When Dr. Christe Ferguson joins her first family practice in Peterborough, Ont., this month, she plans on running a completely paperless office. No paper charts, no sticky notes, binders, e-mail printouts or prescription pads.

The reason? No Time. It gets a lot more complicated than it appears. People think you have a doctors office – no big deal. But there's all this paper behind the scenes. It gets really annoying, she says.

While the Peterborough Clinic, with its 40 physicians (about half are family doctors like Dr. Ferguson, the other half are specialists), looks like any other large clinic on the outside, it is the inside that appealed to Dr. Ferguson when she went searching for her first practice.

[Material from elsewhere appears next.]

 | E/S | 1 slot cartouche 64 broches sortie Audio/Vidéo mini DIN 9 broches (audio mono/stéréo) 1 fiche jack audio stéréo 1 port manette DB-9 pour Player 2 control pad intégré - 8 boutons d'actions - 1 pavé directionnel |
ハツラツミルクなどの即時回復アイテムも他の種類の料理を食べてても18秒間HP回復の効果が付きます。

Just over a year ago, Dr. Ron Curtis, another family doctor in the clinic, helped spearhead a project that brought MediFile©, an integrated software program dedicated to the medical field, to the office. MediFile© was created by Edmonton-based Jonoke Software Development Inc. to help doctors control the paper chase. With it, they can send e-mail, write prescriptions, send referrals or examine what other doctors have written in a patient's chart without leaving the platform.

Office staff can also use the same system to schedule appointments or manage finances. "The information technology changes are coming. We just wanted a head start," says Dr. Curtis. "It takes a while at first, but the payback is tremendous."

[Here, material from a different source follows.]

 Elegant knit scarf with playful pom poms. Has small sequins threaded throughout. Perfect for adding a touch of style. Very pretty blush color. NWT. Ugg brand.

Since Dr. Ferguson will be new to the clinic, she will not have to transfer all the paper data from years back. Instead, she will be starting fresh.

One of the main benefits of using MediFile© system, she says, is that it cuts down on duplicating work. Instead of writing a prescription on a pad for a patient, then copying that information into her own files to be sure she has a record of it, the e-system means she only types the information once. She then hands the signed printout to the patient and knows the information is stored on the system.

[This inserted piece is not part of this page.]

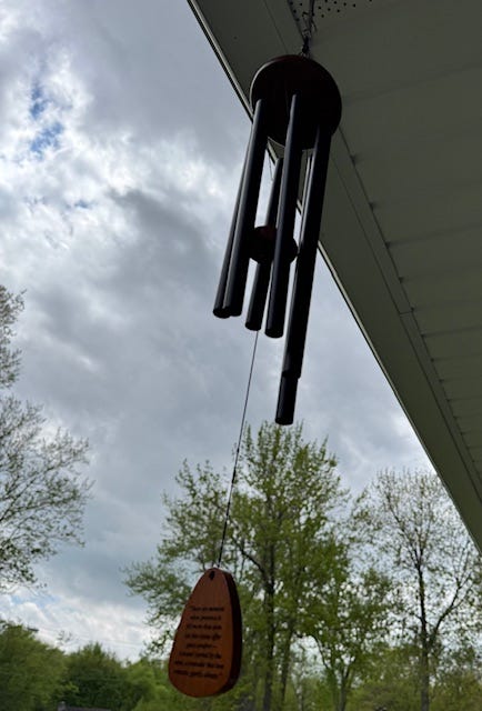 A long-time mentor sent me a lovely set of wind chimes, and so my dad hung them next to the front door. It has given me a great deal of joy to hear them periodically throughout each day and night, since every time that happens I intentionally think happy thoughts about Kellie.

In the old days, if you were in a rush one day and you just wrote it on the pad and not your book, it was gone forever, she says.

It also means she has an easily accessible record of every medicine she has prescribed.

Moreover, pharmacists have a reason to rejoice as more doctors sign on to electronic programs. "No more illegible handwriting. I'm sure the pharmacists love it for that. Half the time I'm sure they don't know what drug to prescribe or how much because people's handwriting is so awful. [The program] makes it very standardized," Dr. Ferguson says.

Dr. Curtis, however, thinks the systems best aspect lies in its ability to help doctors track their patients. If your patient has diabetes, you can use the reminder services to know to call your patient after three months and say, 'How are you doing?' he says.

Another bonus, says Dr. Curtis, is the fact that every doctor who sees a particular patient adds to the same chart. So when a physician pulls up a chart before seeing a patient, he or she instantly know what everyone else has said about the patient in the past. Using the old system, coordinating charts could take as long as three weeks if another doctor had to put the notes in the mail. "Everyone's on the same page," he says. While the MediFile© system can take a long time to set up, there is another challenge doctors face when using it. Mainly, how to interact with patients when a computer sits in the same room – sometimes between patient and physician.

"You need to remember to look them in the eye and not at the computer screen," says Dr. Curtis. Still, shortening the paper trail is what draws Dr. Ferguson. She says that anything that can reduce the time doctors spend on paper-work over the long run is worth the time spent learning the system. After all, some doctors spend as much as one full day a week doing paperwork. Considering Peterborough's current family doctor shortage (it is estimated that 100,000 Peterborough residents do not have a family doctor), she knows she will be busy. "Spending a day on paperwork will not be an option. Most of us didn't go into medicine to do paperwork. So this is perfect because you still have to do it, but it just makes it that much quicker," she says.